[Assignment] Restate word for word only the lines running from the one with "ungewöhnlicher akkustischer Klangobjekte." to the end of the data, both ends included. Omit any pictures.

START Stored data

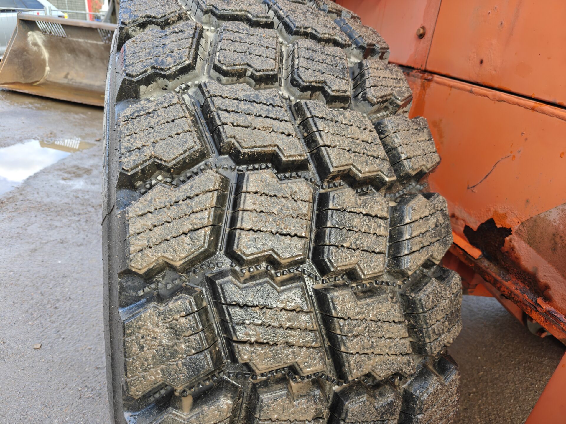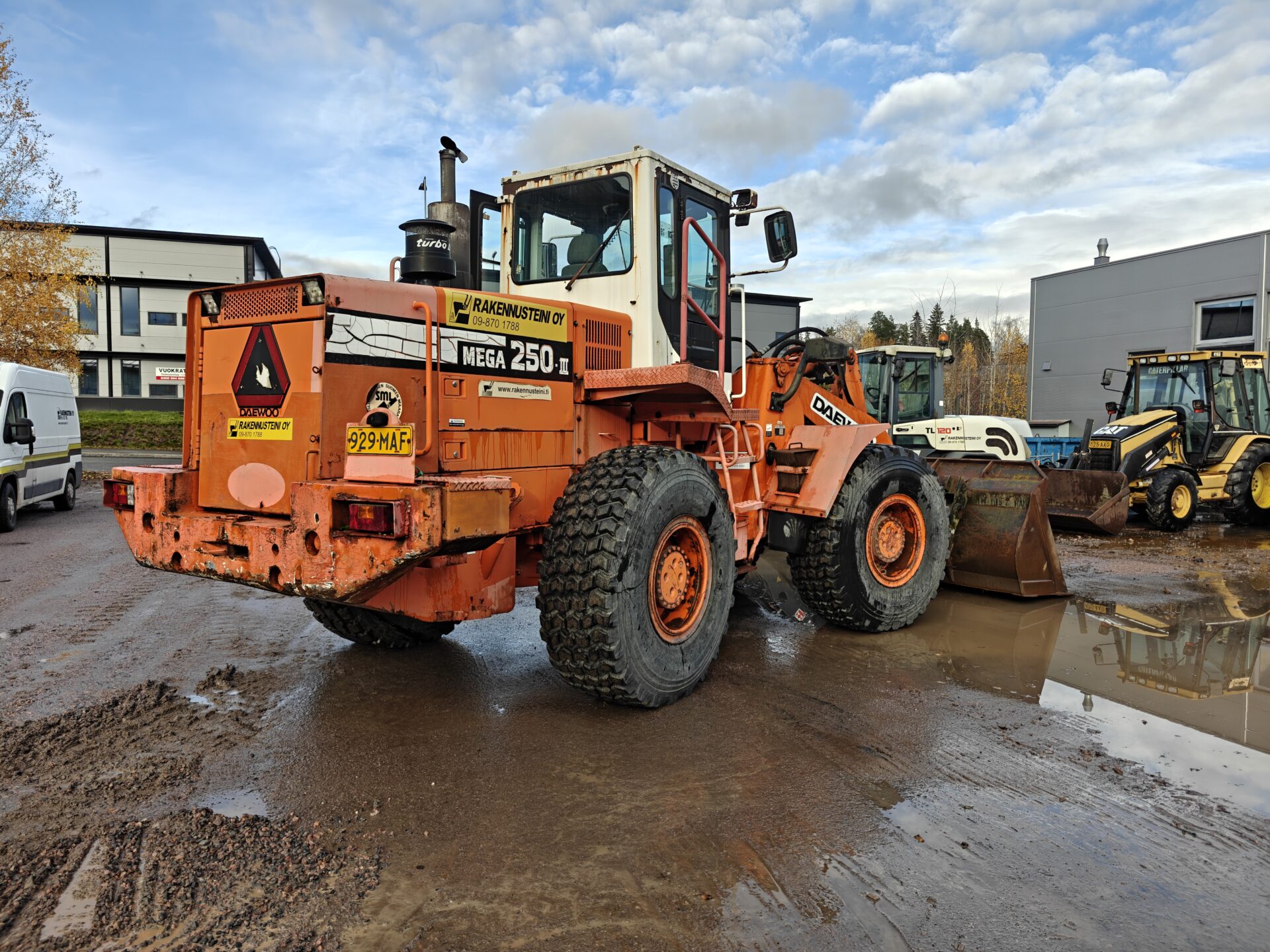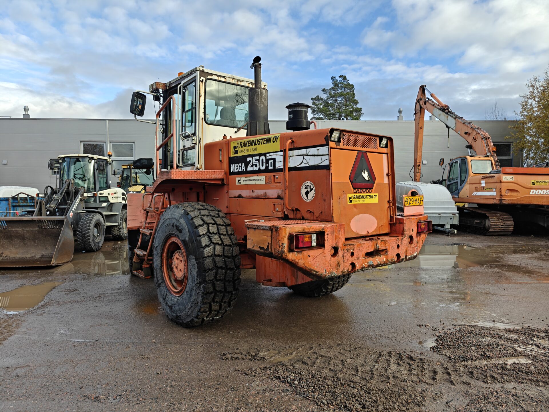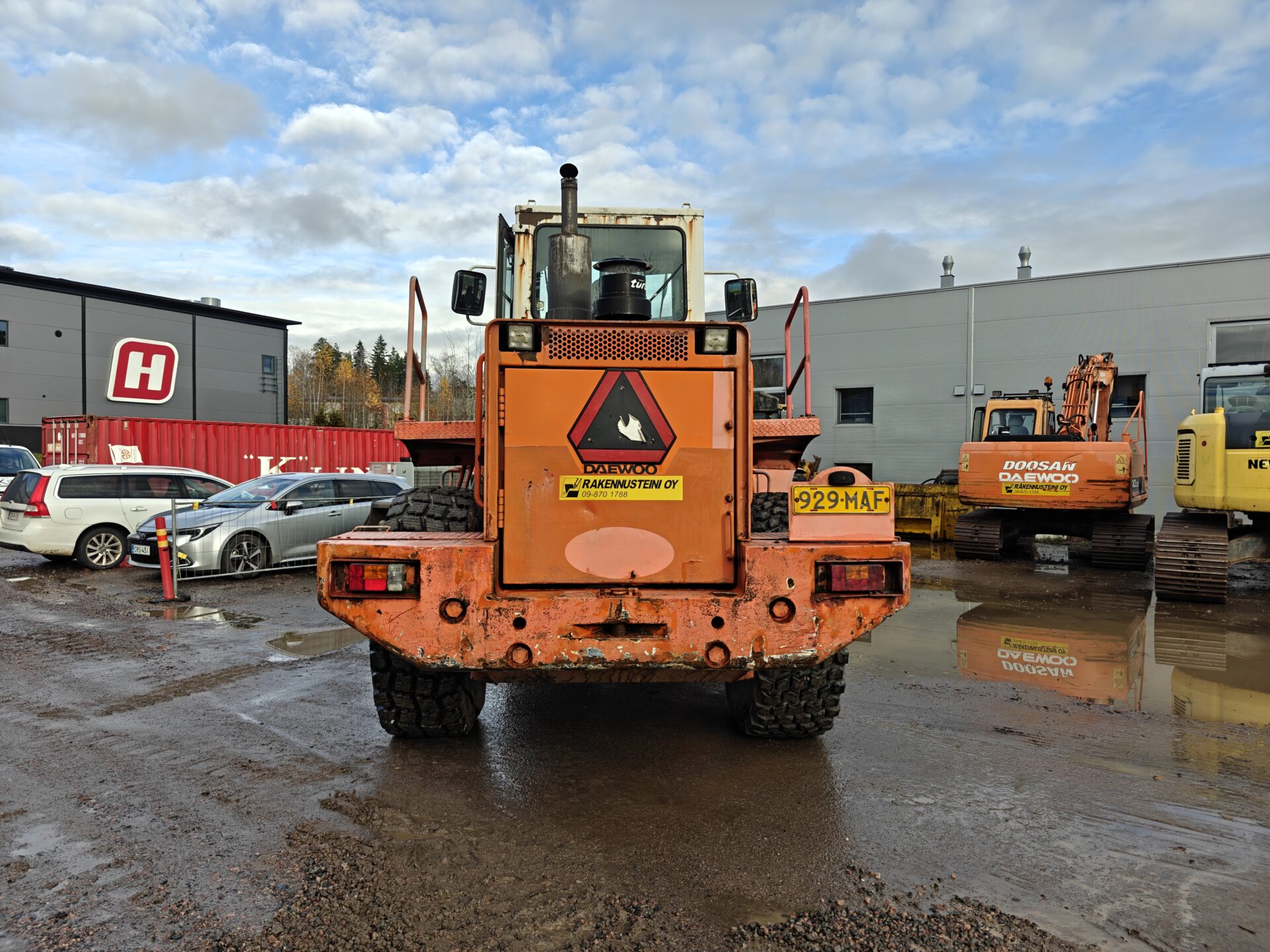 Käyttöä nähnyt Daewoon pyöräkone valmiina seuraaviin urakkoihin.
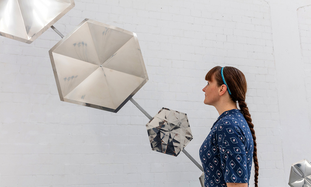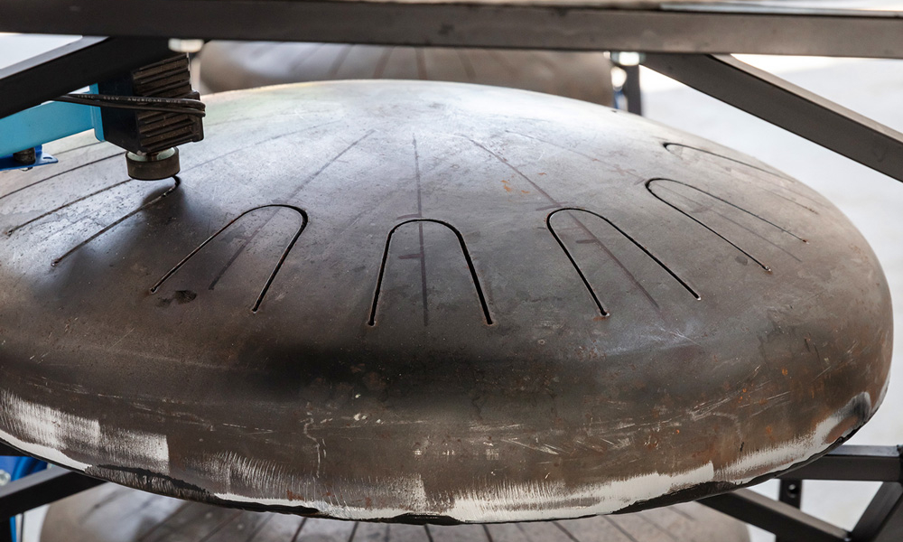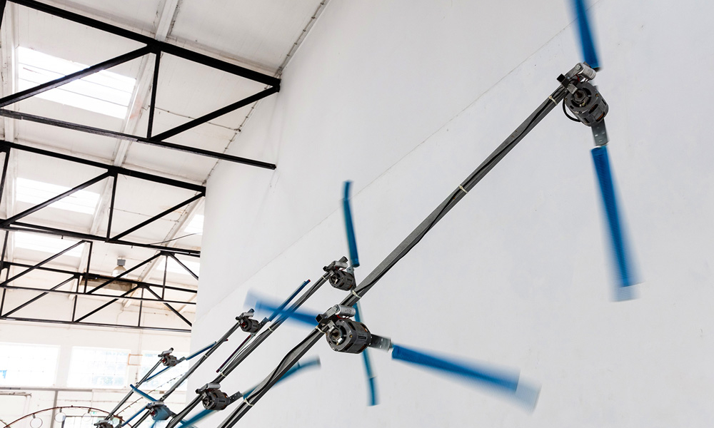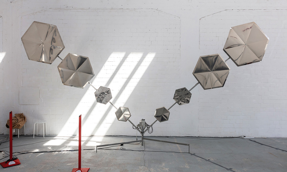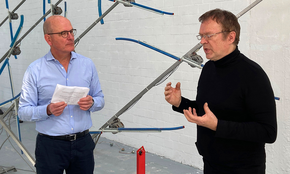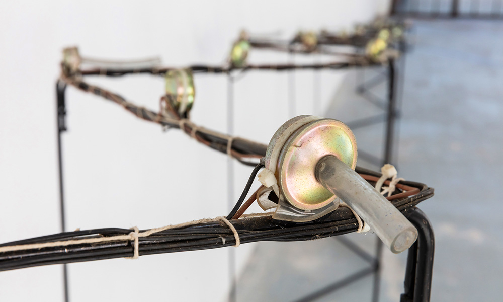 Knackdosen, Whupi, Klöpper, Chromix, Typedrum, Brauser, Schwirrer und ein Hopper – Christof Schläger inszeniert seinen Klangparcours 2021 am Hawerkamp in Münster aus einer Vielzahl ungewöhnlicher akkustischer Klangobjekte.
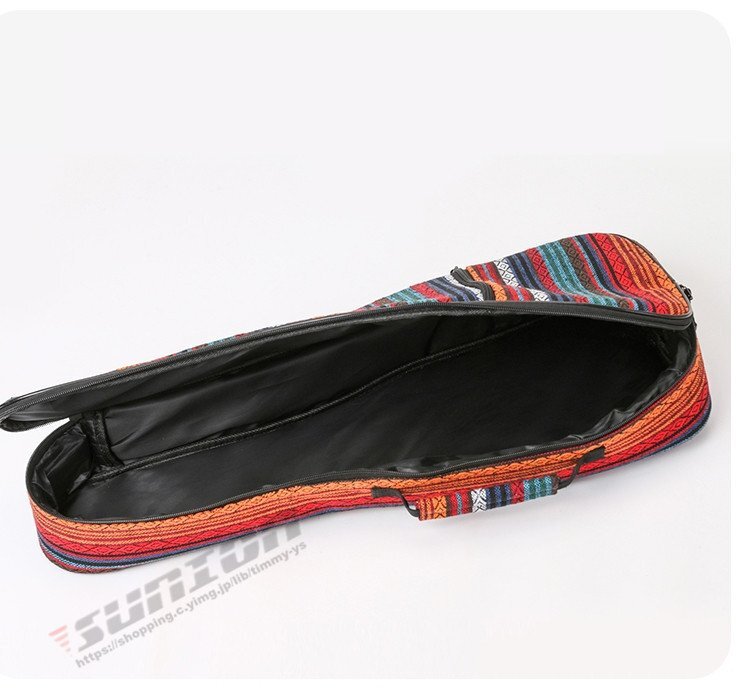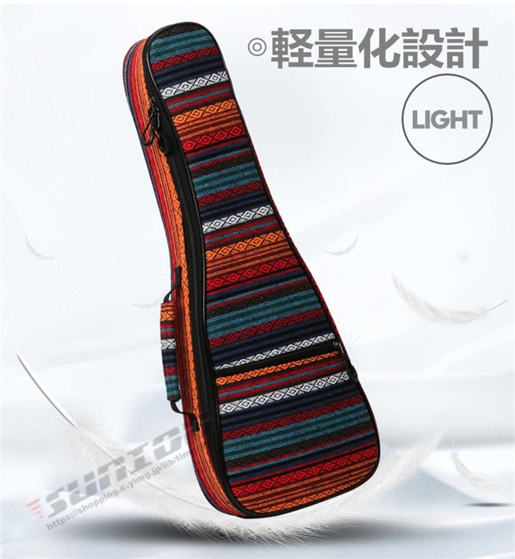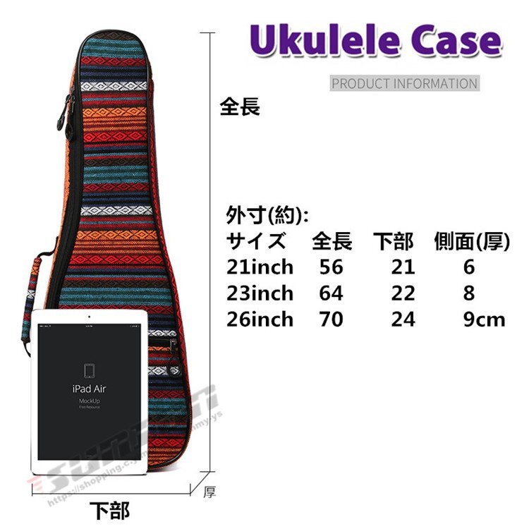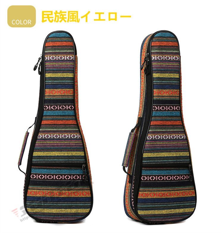 【商品特徴】■ボディーに軽量かつ堅牢ウクレレケース■保護能力の高いクッションを採用し、大切な機材を運搬時のダメージから守るウクレレ用バッグ。■優れたクッション性と持ち運びやすい重量感を実現。■ダブルジッパーで開閉ラクラク 【商品スペック】●外装生地/防水性オックスフォード生地●カラー 民族風レッド 民族風ブルー 民族風イエロー●外寸(約):サイズ 全長 下部 側面(厚)21inch 56   21   623inch 64   22   826inch 70   24   9cm※画像はイメージです。楽器本体は付属しておりません。※楽器のデザイン等により対応サイズ内でも入らない場合がございますのでご注意ください。

END Stored data

[Output below]
 Knackdosen, Whupi, Klöpper, Chromix, Typedrum, Brauser, Schwirrer und ein Hopper – Christof Schläger inszeniert seinen Klangparcours 2021 am Hawerkamp in Münster aus einer Vielzahl ungewöhnlicher akkustischer Klangobjekte.
 【商品特徴】■ボディーに軽量かつ堅牢ウクレレケース■保護能力の高いクッションを採用し、大切な機材を運搬時のダメージから守るウクレレ用バッグ。■優れたクッション性と持ち運びやすい重量感を実現。■ダブルジッパーで開閉ラクラク 【商品スペック】●外装生地/防水性オックスフォード生地●カラー 民族風レッド 民族風ブルー 民族風イエロー●外寸(約):サイズ 全長 下部 側面(厚)21inch 56   21   623inch 64   22   826inch 70   24   9cm※画像はイメージです。楽器本体は付属しておりません。※楽器のデザイン等により対応サイズ内でも入らない場合がございますのでご注意ください。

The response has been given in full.